Depending upon the winding pattern, the winding pitch, and the degree of compression of the first material 14 that is acceptable, there should be at least one bar of the second material 16. For example, where a particular pipeline design requires the presence of a spacer every two meters along the length of the flowline 10, a single high strength bar 16 could be used with a winding pitch of two meters, or two bars 16 could be used with a winding pitch of four meters. Where more than one bar of the second material 16 is employed, these will generally be spaced equidistantly around the circumference of the flowline 10, with a plurality of bars of the first material 14 located therebetween. In the illustrated embodiments, three bars of the second material 16 are used. During bending/straightening of the pipe assembly, the thermally insulating, high strength bars 16 serve to maintain the flowline 10 in a concentric position in the carrier pipe 12, limiting any displacement of the flowline, and limiting any heat loss through the spacers 16 themselves.

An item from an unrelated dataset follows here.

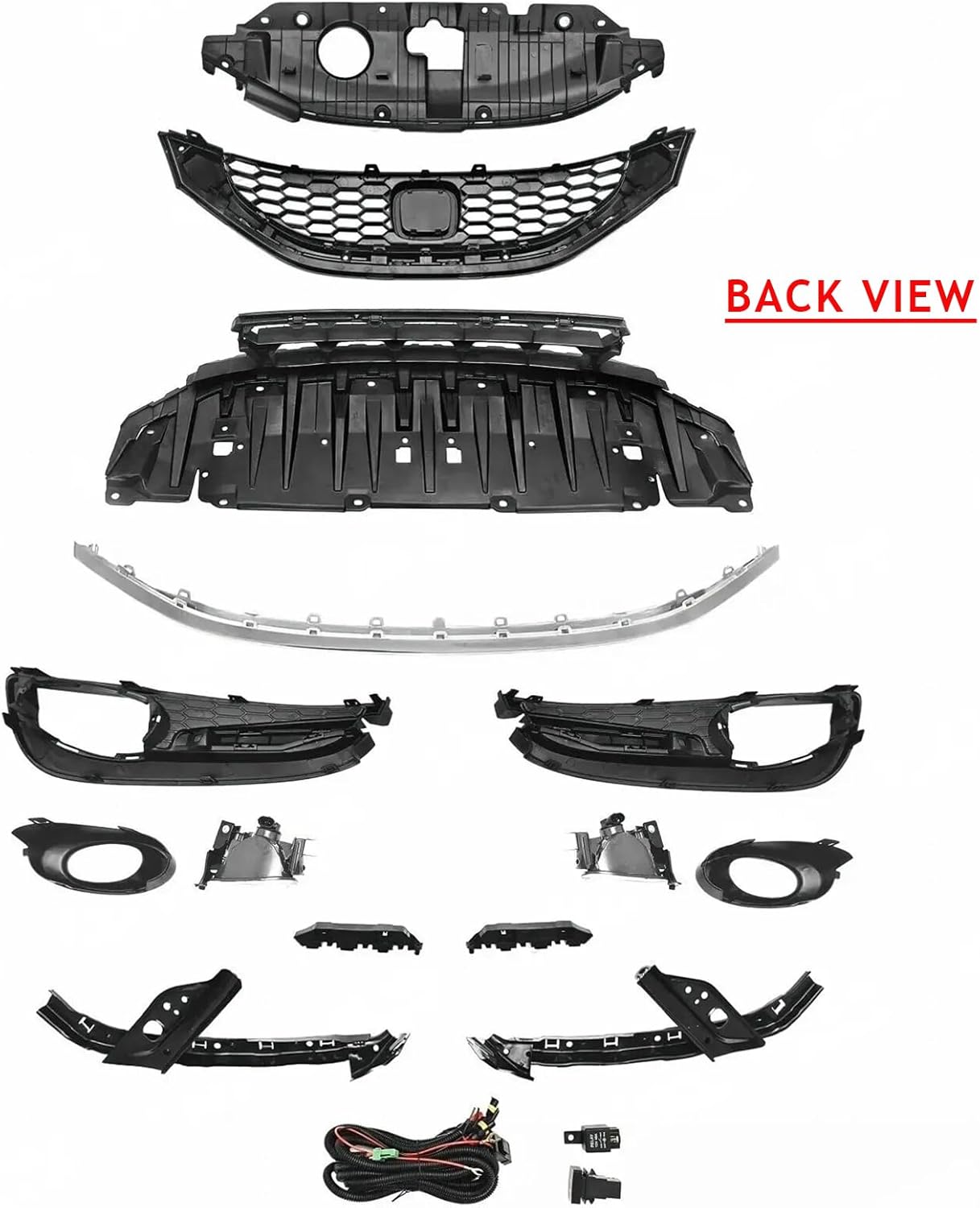 Bewild Front Bumper Upper & Lower Grille(W/Chrome Molding) + Radiator Support Cover + Fog Lights Assembly + Front Headlight Brackets + Bumper Support Brackets Fit For 2013 2014 2015 Honda CivicOur parts are made of high-quality plastic, which is not easily damaged or bent, durable, and has a long service life. Closely fitting with your original body, easy to installSpecifications:Brand:BewildMaterials:ABSColour:BlackOE/OEM Part Number:71125TR3A01, 71121TR3A01, 71122TR3A01, 71105TR3A51, 71108TR3A51, 33951TR0A51, 33901TR0A51, 71107TR3A51, 71106TR3A5, 71190-TR0-A00, 71140-TR0-A00, 71198-TR0-A01, 71193-TR0-A01Interchange Part Number:HO1224102, HO1202109, HO1200216, HO1036113, HO2592135, HO2593135, HO1038114, HO1039114Package Include:1 x Front Radiator Support Cover1 x Front Upper Grille(W/Chrome Molding)1 x Front Lower Grille1 x Front Bumper Lower Molding1 Pair of Fog Light Set With Bezel Covers1 Pair of Front Headlight Brackets1 Pair of Front Bumper BracketsFitment:Compatible with 2013 2014 2015 Honda Civic Sedan 4-Door(Sub-model: LX/HF/EX/EX-L)About Us:Bewild focuses on creating high-quality auto parts for you. Welcome to visit our store at any time, easily purchase products that accurately match your model.If the product has manufacturing defects or shipping damage, our after-sales service will provide you with a proper solution.We provide comprehensive pre-sales and after-sales support, and any questions will be answered within 24 hoursThank you for your purchase and support!

The invention has a number of other advantages related to the manufacturing of the pipeline. The insulating materials may be applied in a substantially continuous process by means of a winding machine, without the need of a step-by-step process to apply discrete spacers and/or insulating elements as in previous methods. As shown in Figs. 2 and 5, the method also makes it easy to incorporate heating cables, or other secondary hoses for active heating, conduits or electrical or optical cables or the like 18 in the insulating layers (e.g. disposed in recesses 20 formed in the bars, preferably in the inner faces of the bars, and most preferably in the bars of the second material 14) .

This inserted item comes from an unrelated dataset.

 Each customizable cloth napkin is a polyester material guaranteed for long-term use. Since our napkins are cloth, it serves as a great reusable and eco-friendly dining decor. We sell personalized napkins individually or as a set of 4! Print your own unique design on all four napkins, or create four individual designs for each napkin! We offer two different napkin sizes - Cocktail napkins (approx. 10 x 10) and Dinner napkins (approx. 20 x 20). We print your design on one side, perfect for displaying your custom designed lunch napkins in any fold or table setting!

The pipe-in-pipe structure of the invention may be formed by winding the materials 14, 16 onto the exterior surface of a length of the inner pipe 10 and the inner pipe 10 with the materials 14, 16 applied thereto may then be inserted into the outer pipe 12. A plurality of inner pipe sections may be assembled together prior to applying the materials 14, 16, and a plurality of outer pipe sections may be assembled together prior to inserting the insulated inner pipe therein.

The cross sectional size and shape of the first and second bars 14 and 16 may be substantially identical, although it may be desirable for the second bars 16 to have a greater radial depth than the first bars 14, as discussed above. As shown in Fig. 4, the radially opposed faces of the bars 14, 16 may be curved to match the curvatures of the flowline 10 and carrier pipe 12, and their lateral faces may have complementary curvatures and/or overlapping features to reduce convection along the radial gaps between adjacent bars.

As shown in Fig. 3, multiple (generally two or three) layers of insulating materials 14 and 16 may be applied. The high strength bars 16 of the various layers should cross one another in order to transmit bending forces through the crossing points from the outer layer to the flowline 10. For this purpose, the bars of adjacent layers may be wound out of phase and/or with differing pitches and/or in opposite directions.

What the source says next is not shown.